--- Material to process ---
=== Section Start ===
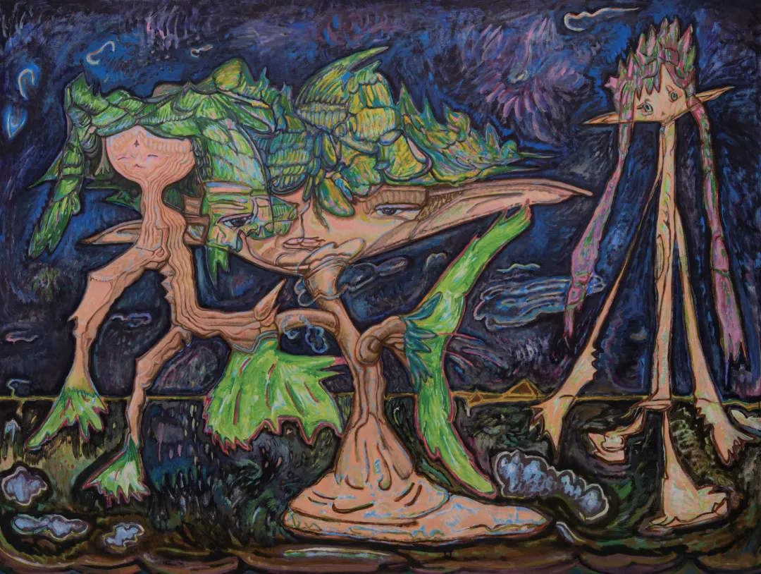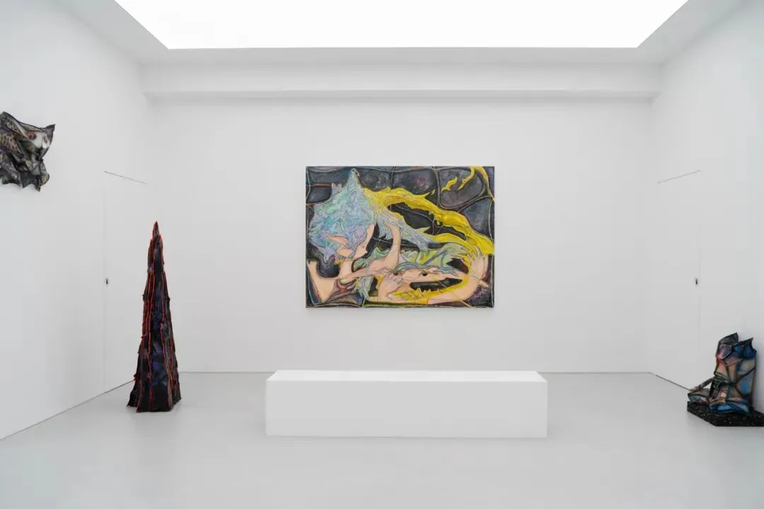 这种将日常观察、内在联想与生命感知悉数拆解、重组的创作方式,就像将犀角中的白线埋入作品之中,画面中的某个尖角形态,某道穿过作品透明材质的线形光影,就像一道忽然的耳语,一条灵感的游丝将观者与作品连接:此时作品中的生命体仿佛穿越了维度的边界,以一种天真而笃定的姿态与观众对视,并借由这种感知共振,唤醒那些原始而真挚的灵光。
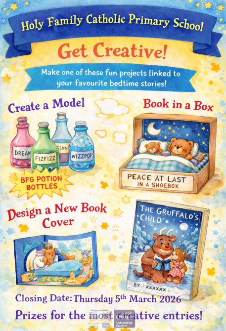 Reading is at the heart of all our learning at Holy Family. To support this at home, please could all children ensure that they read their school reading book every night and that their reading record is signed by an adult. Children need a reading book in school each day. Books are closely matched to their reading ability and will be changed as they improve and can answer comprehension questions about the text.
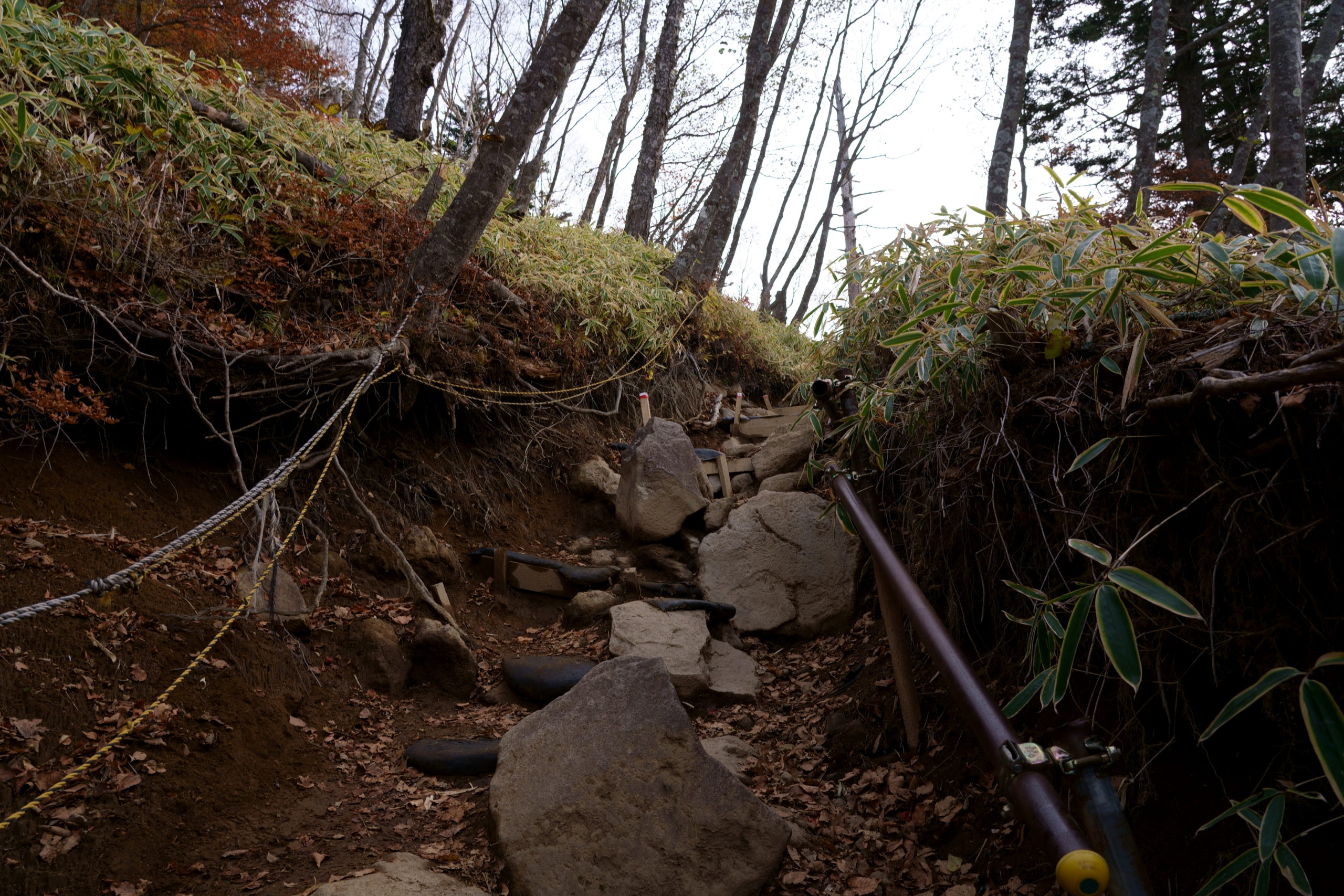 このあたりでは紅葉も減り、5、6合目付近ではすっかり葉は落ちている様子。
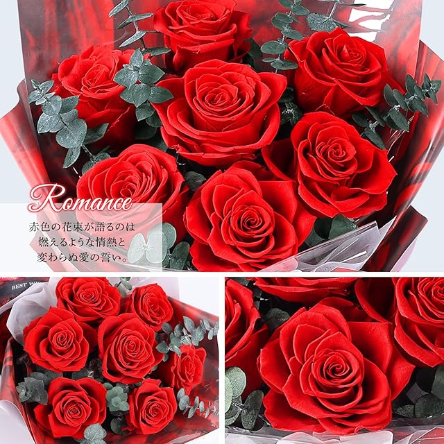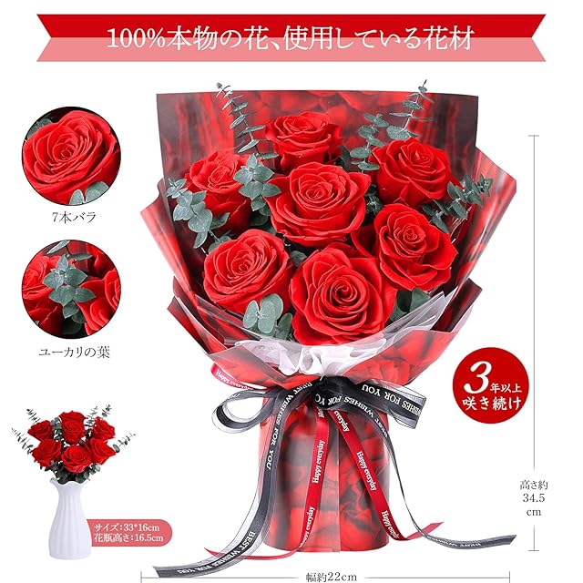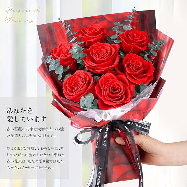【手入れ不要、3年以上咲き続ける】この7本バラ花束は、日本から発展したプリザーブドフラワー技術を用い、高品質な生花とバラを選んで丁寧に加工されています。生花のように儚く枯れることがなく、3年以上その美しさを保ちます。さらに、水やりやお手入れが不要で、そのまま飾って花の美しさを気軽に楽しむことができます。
=== Section End ===
=== Section Start ===
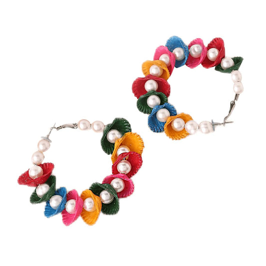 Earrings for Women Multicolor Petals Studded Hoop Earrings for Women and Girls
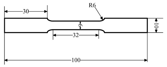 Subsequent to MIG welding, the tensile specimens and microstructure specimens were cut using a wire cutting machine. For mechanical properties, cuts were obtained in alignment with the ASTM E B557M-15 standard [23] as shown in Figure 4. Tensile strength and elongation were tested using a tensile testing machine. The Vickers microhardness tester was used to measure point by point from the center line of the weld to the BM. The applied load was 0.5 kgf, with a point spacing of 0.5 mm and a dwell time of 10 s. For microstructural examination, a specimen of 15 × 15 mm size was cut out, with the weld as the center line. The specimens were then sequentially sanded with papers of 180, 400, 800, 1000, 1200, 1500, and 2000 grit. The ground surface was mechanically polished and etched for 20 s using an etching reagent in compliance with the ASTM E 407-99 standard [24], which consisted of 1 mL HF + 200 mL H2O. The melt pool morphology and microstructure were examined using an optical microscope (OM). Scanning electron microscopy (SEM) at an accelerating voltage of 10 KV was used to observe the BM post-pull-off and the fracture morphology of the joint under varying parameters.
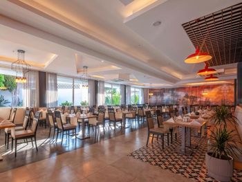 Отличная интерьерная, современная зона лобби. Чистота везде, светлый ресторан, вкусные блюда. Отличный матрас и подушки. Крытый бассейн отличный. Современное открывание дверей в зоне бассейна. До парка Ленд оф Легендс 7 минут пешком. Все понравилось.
=== Section End ===
Using the entries above, write out exactly the lines from the one with "Subsequent to MIG" through the one with "Отличная интерьерная, современная", ends included. Leave out any pictures.

 Subsequent to MIG welding, the tensile specimens and microstructure specimens were cut using a wire cutting machine. For mechanical properties, cuts were obtained in alignment with the ASTM E B557M-15 standard [23] as shown in Figure 4. Tensile strength and elongation were tested using a tensile testing machine. The Vickers microhardness tester was used to measure point by point from the center line of the weld to the BM. The applied load was 0.5 kgf, with a point spacing of 0.5 mm and a dwell time of 10 s. For microstructural examination, a specimen of 15 × 15 mm size was cut out, with the weld as the center line. The specimens were then sequentially sanded with papers of 180, 400, 800, 1000, 1200, 1500, and 2000 grit. The ground surface was mechanically polished and etched for 20 s using an etching reagent in compliance with the ASTM E 407-99 standard [24], which consisted of 1 mL HF + 200 mL H2O. The melt pool morphology and microstructure were examined using an optical microscope (OM). Scanning electron microscopy (SEM) at an accelerating voltage of 10 KV was used to observe the BM post-pull-off and the fracture morphology of the joint under varying parameters.
 Отличная интерьерная, современная зона лобби. Чистота везде, светлый ресторан, вкусные блюда. Отличный матрас и подушки. Крытый бассейн отличный. Современное открывание дверей в зоне бассейна. До парка Ленд оф Легендс 7 минут пешком. Все понравилось.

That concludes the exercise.